# Heuristic Dynamic Programming in Python¶

This module combines Reinforcement Learning and Reservoir Computing by means of an Actor-Critic design. In Reinforcement Learning, the learning subject is expressed through the agent while the teacher denoted as environment or plant. At each time step, the agent chooses an action $$a_t$$, which leads it from state $$s_t$$ to state $$s_{t+1}$$. The state information is provided to the agent by the environment, together with a reward $$r_{t+1}$$ which announces how good or bad the state is considered. Note that the reward cannot be used as learning target, as it is not an error but merely a hint if the agent goes into the right direction. Instead, the agent’s goal is to collect as much reward as possible with time.

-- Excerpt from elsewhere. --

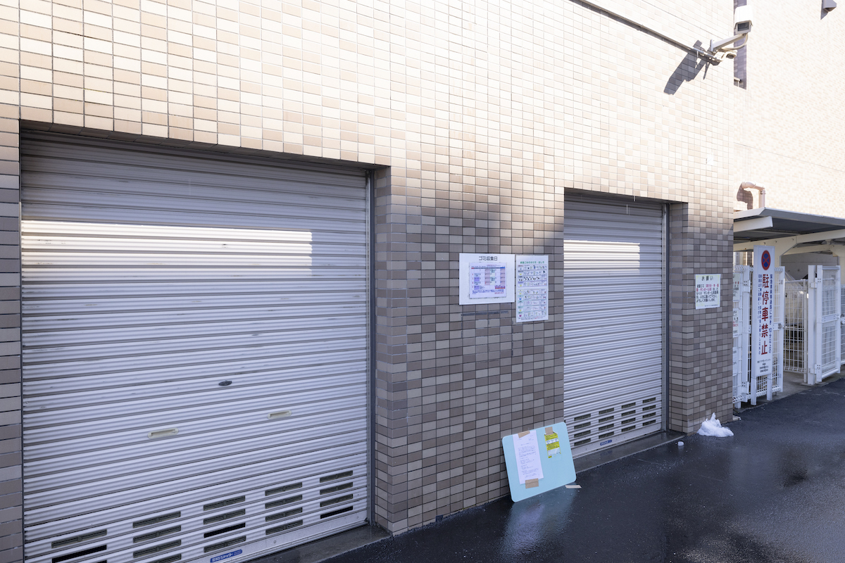 管理棟に併設されたゴミ置き場。使用されていないときには綺麗に掃除しシャッターも閉じられ、景観良く保たれている

The Return expresses this by taking future rewards into account:

$R_t = \sum\limits_{k=0}^T \gamma^k r_{t+k+1}$

As it may not be meaningful to consider the whole future, the influence of rewards is decreased the farther they are off. This is controlled through the discount rate $$\gamma$$. Further, experiments are often episodic (meaning that they terminate somewhen). This is accounted for by summing until the episode length $$T$$ [RL].

An Actor-Critic design splits the agent into two parts: The Actor decides on the action, for which it is in turn criticised by the Critic. Meaning, that the Critic learns long-time behaviour, i.e. approximates the Return, while the Actor uses the Critic’s approximation to select the action which maximizes the Return in a single step. This module incorporates Reservoir Computing as the Critic’s function approximator [ESN-ACD].

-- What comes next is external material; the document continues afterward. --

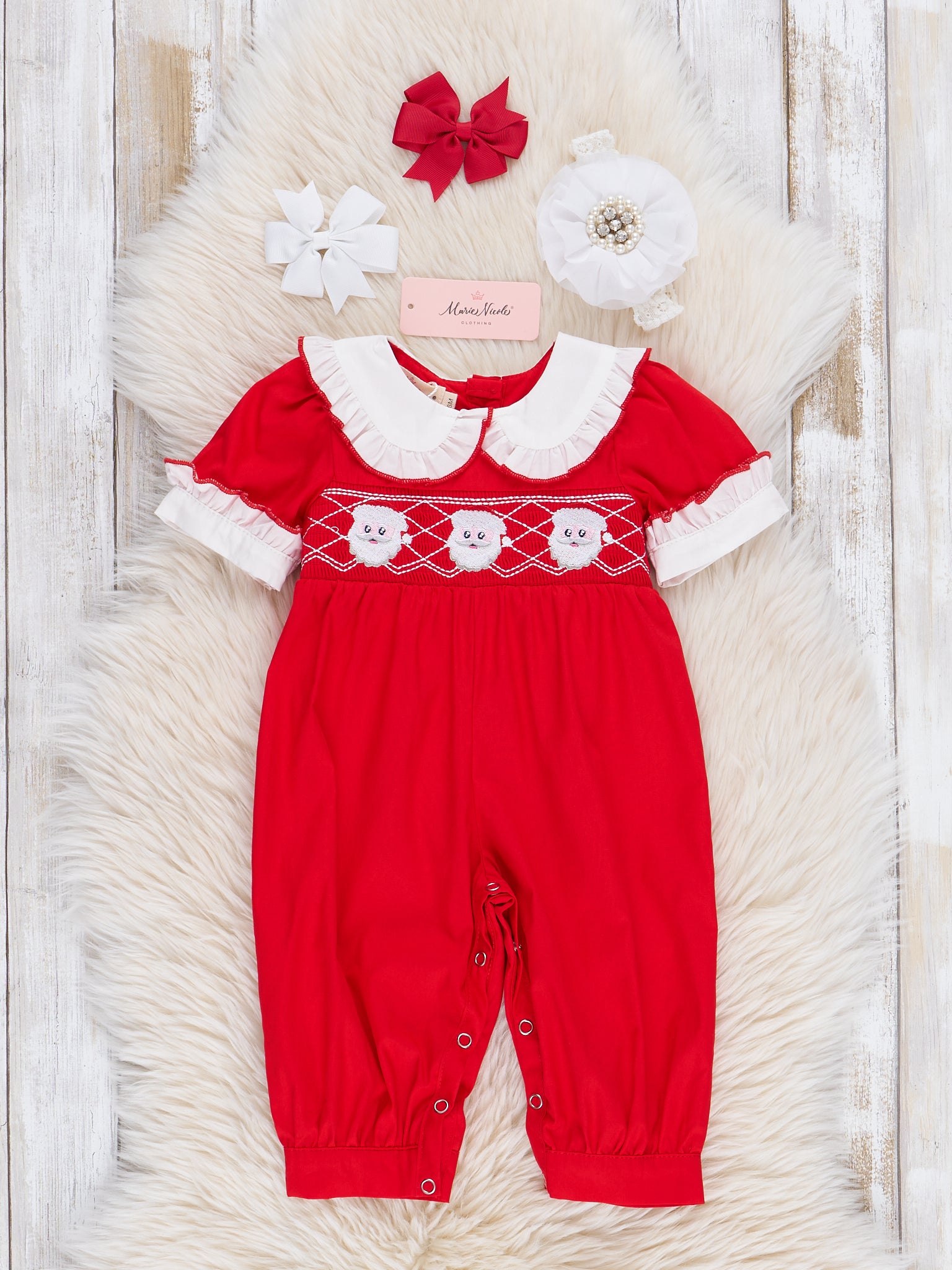Get your little one ready for the holiday season with our Red Smocked Santa Lace Trim Romper. Featuring a bright red bodice adorned with embroidered Santas over smocking, this girls Christmas romper is both festive and comfortable. The lace trim peter pan collar and sleeves add a charming touch, while the button-back closure makes dressing a breeze. This dress is also available in a sister set, perfect for family photos and gatherings. Spread the holiday cheer with this adorable romper!

This documentation gives an overview over the module’s functionality, gives an usage example and lists the interfaces. This order is kept constant over all (i.e. most) pages. The first four pages (Basics) list the basic interfaces and describe the methods which implement Reservoir Computing and Reinforcement Learning. These structures are independent on the experimental platform.

This package was originally implemented for two platforms, the Puppy and ePuck robots. The corresponding (and hence platform dependent) code is documented in the second section (Platforms).

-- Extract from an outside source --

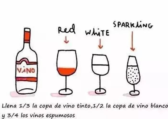 葡萄酒倒满1/3,白酒倒满1/2,香槟倒满3/4

The third section (Resources) provides further information and download and installation resources.

Note that some of the examples write files. In this case, the paths are usually hardcoded and valid for a unix-like file tree. As data is temporary, it is hence stored in /tmp. When working on other systems, the paths have to be adapted.

Furthermore, due to Python’s magnificent online help, the interface documentation is also available from within the interactive interpreter (e.g. IPython):

>>> import HDPy
>>> help(HDPy)

Note

The examples have been written for linux. As most of them include paths, they are also specified for a unix-like filesystem. On other systems, they have to be adapted. Also note that some of the paths may require adaptions, even on a linux machine (e.g. normalization data files).